I didn’t see Gabrielle at first. Then I turned. She stood with her back to us, her hands in the air. Facing her was Clarence Bergeron. The old man wore a long, brown coat and a fedora. He leaned his weight on the cane in one hand. In his other hand was a pistol. His two security guards, LaValle and Francisco, had their pistols out, too.
“Well, isn’t this nice?” Bergeron said. “I had a feeling we’d meet again.”
Twenty-Eight
Bergeron waggled his pistol at us, the rain pouring off the brim of his fedora. “Hand over the Codex Goetia.”
Isaac clutched the Codex tightly. “That’s not going to happen.”
“Why do you want it anyway?” Bethany demanded. “So you can add it to your artifact collection?”
“Because I’m the one with the gun, that’s why,” Bergeron said. “Three guns, actually, counting my associates here.”
LaValle and Francisco scowled as the rain dripped down their faces.
“We’ve only got two of the three fragments,” Bethany pointed out. “The Codex isn’t even complete. It’s worthless like this.”
“On the contrary,” Bergeron said. “It is very valuable to me. If you don’t hand it over, I’m afraid my trigger-happy associates and I will be forced to make a very nasty mess out of the four of you. And I do so hate the sight of blood these days.”
“Boss, you said the vampire would be here. Where is he?” Francisco demanded, an angry sneer on his baby face. “You promised. You said he would be mine when the time came.”

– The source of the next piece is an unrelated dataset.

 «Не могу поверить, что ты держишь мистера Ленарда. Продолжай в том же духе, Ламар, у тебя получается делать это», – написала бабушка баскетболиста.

“Not now, Francisco,” Bergeron hissed at him, taking his eyes off us for a moment.
But a moment was all Gabrielle needed to make a move. She lifted her hands from her side, green flames flickering hungrily around her fingers.

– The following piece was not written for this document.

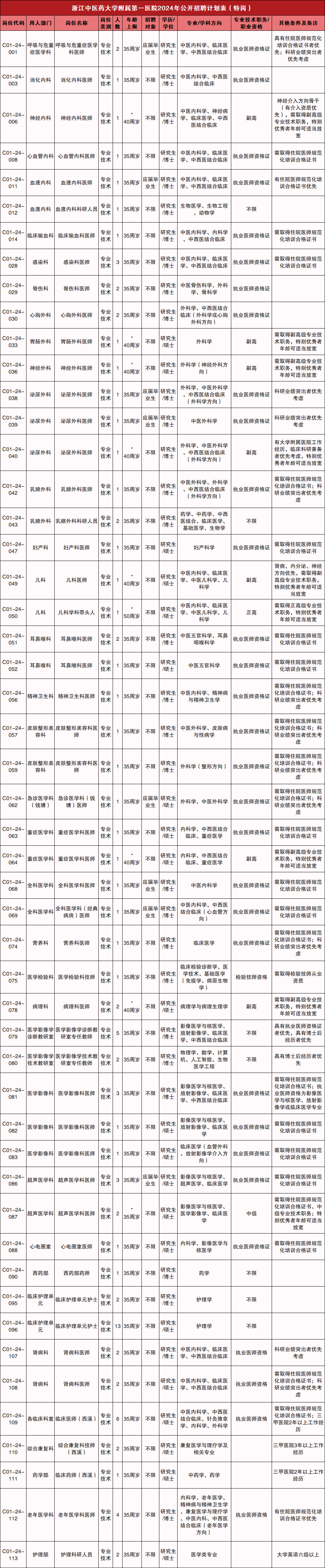 招聘岗位、人数及具体要求详见《浙江中医药大学附属第一医院 2024 年度特殊专业技术岗位招聘岗位表》。

Bergeron pointed his gun at her. “I wouldn’t if I were you.”
“If you think a gun can protect you,” Gabrielle said, “you don’t know who you’re messing with.”
“Now, now,” Bergeron said. “I didn’t survive this long by being stupid.”
He whistled. In response, dozens of figures came out of the dark. They positioned themselves along the top of Bethesda Terrace and the grand stairways on either side of it. The people huddled inside the arcade caught sight of the creatures on t
he steps and screamed, stampeding away from us. These things weren’t human. Their bodies were thin, almost skeletal, with leathery, rust-brown skin stretched tight over their bones. Their heads were bald and insectlike, with two big, black, irisless eyes and two nubby horns on their brows. They wore no clothing, only swords in scabbards that hung at their bony hips. They hadn’t drawn their weapons yet. They stayed in formation and awaited orders like a well-trained army.
Gabrielle reluctantly lowered her hands. The green flames faded away.
Isaac regarded the creatures with narrowed eyes. “Demons,” he said.
“Lesser demons, of course,” Bergeron replied. “The kind you don’t need the Codex Goetia to summon. Just some blood, powdered bone, and the right incantations. I’ve gotten a lot better at summoning and binding demons over the years. I learned the hard way how important that is.”
I looked down at the withered leg he’d shown us in Westchester.
An old injury that never quite healed right.
Damn. What a fool I’d been. He’d been right under our noses all along.
“You’re Erickson Arkwright,” I said.
The old man smiled. “It’s been a long time since anyone called me that. The last time I used that name I was hiding half-dead beneath a pile of my friends’ body parts. Waiting until it was safe to come out again. Dragging myself through their blood and entrails to the door.”
He was getting worked up as he spoke, his anger growing. He started coughing, but brought it under control quickly. Specks of blood dotted his lower lip. When he spoke again, his tone was calm and even.
“Forgive me. As you can see, not all the damage was external. I have a collapsed lung, and kidneys that no longer function properly. What was done to me, what I lived through, was grueling. An unimaginable hell. After enduring that, a new name was a blessing, a chance to put the horror behind me. Even a name as bland as Clarence Bergeron. But then, the real Clarence Bergeron was quite bland himself. Killing him and assuming his identity felt like doing the world a favor.”